### Stored entries
☆ ☆ ☆
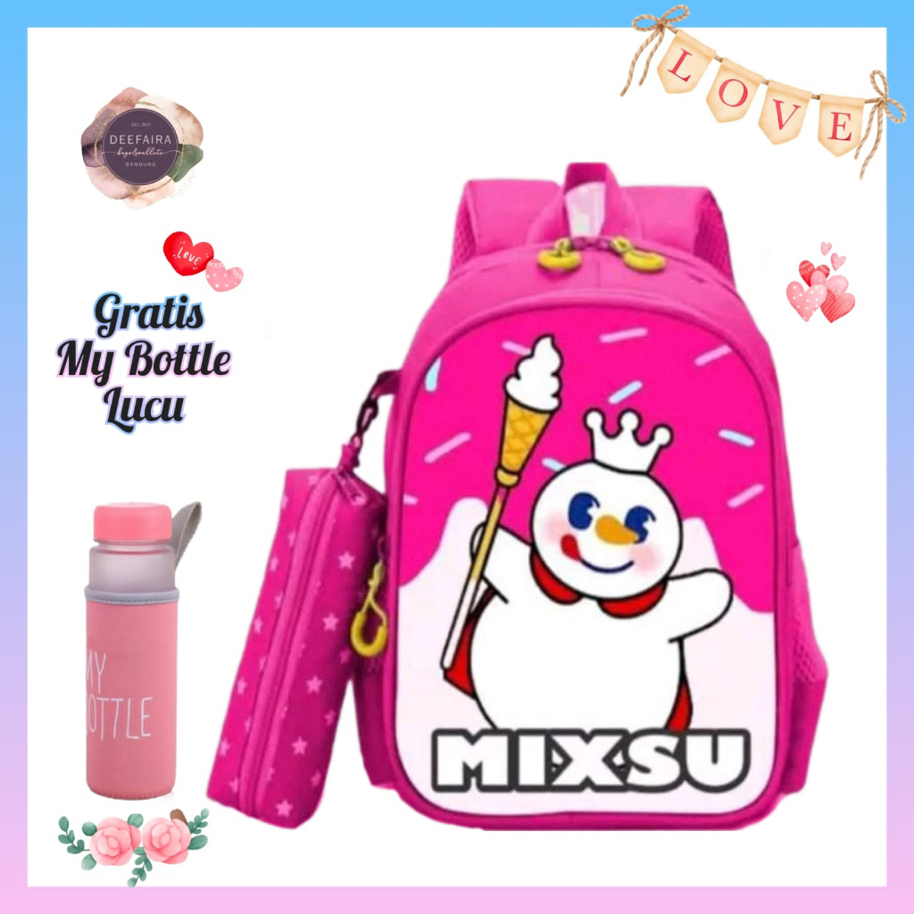 Detail Tas Ransel Anak Perempuan Terlaris Model Sue mixx Gratis Botol Minum Untuk Tk Dan Sd
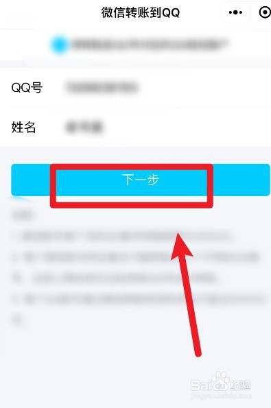 然后点击【下一步】选项,就可以在微信上转账到QQ了。
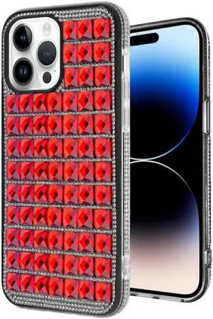 Diamond Series Crystal Rhinestones Case for iPhone 14 Pro Max - Red
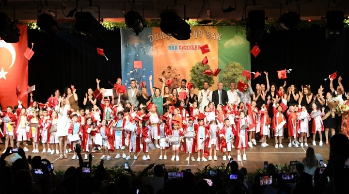 Nar Çiçekleri için Narl?dere Belediyesi Atatürk Kültür Merkezi’nde (AKM) mezuniyet töreni düzenlendi. Geceye, Narl?dere Belediye Ba?kan Yard?mc?lar? ?smail Ay ve Ça?r? Sofu, CHP Narl?dere ?lçe Ba?kan? Mesut Durgun, CHP Narl?dere Kad?n Kollar? Ba?kan? Ömür Oral Gürokur, Narl?dere Belediye Meclis Üyeleri Halil Sürücü ve Esengül Kaleli, Narbel A.?. Genel Müdürü Cem Yüce???k ve veliler kat?ld?. Sayg? duru?u ve ?stiklal Mar?? ile ba?layan gecede mezun olan ö?renciler, drama gösterileri sundu. Barkovizyon gösteri ile devam eden gecede minikler, jimnastik gösterisi yapt?.
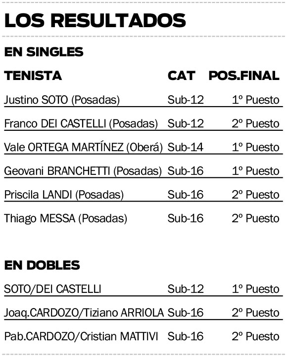 De regreso a Resistencia, entre los varones, los posadeños Justino Soto y Franco Dei Castelli consiguieron el primero y segundo puesto en Sub-12 pero, además, ambos se quedaron con el subcampeonato en dobles.
☆ ☆ ☆
### What to do
Return all of the lines above without alteration, minus the pictures.

### Exercise answer
 Detail Tas Ransel Anak Perempuan Terlaris Model Sue mixx Gratis Botol Minum Untuk Tk Dan Sd
 然后点击【下一步】选项,就可以在微信上转账到QQ了。
 Diamond Series Crystal Rhinestones Case for iPhone 14 Pro Max - Red
 Nar Çiçekleri için Narl?dere Belediyesi Atatürk Kültür Merkezi’nde (AKM) mezuniyet töreni düzenlendi. Geceye, Narl?dere Belediye Ba?kan Yard?mc?lar? ?smail Ay ve Ça?r? Sofu, CHP Narl?dere ?lçe Ba?kan? Mesut Durgun, CHP Narl?dere Kad?n Kollar? Ba?kan? Ömür Oral Gürokur, Narl?dere Belediye Meclis Üyeleri Halil Sürücü ve Esengül Kaleli, Narbel A.?. Genel Müdürü Cem Yüce???k ve veliler kat?ld?. Sayg? duru?u ve ?stiklal Mar?? ile ba?layan gecede mezun olan ö?renciler, drama gösterileri sundu. Barkovizyon gösteri ile devam eden gecede minikler, jimnastik gösterisi yapt?.
 De regreso a Resistencia, entre los varones, los posadeños Justino Soto y Franco Dei Castelli consiguieron el primero y segundo puesto en Sub-12 pero, además, ambos se quedaron con el subcampeonato en dobles.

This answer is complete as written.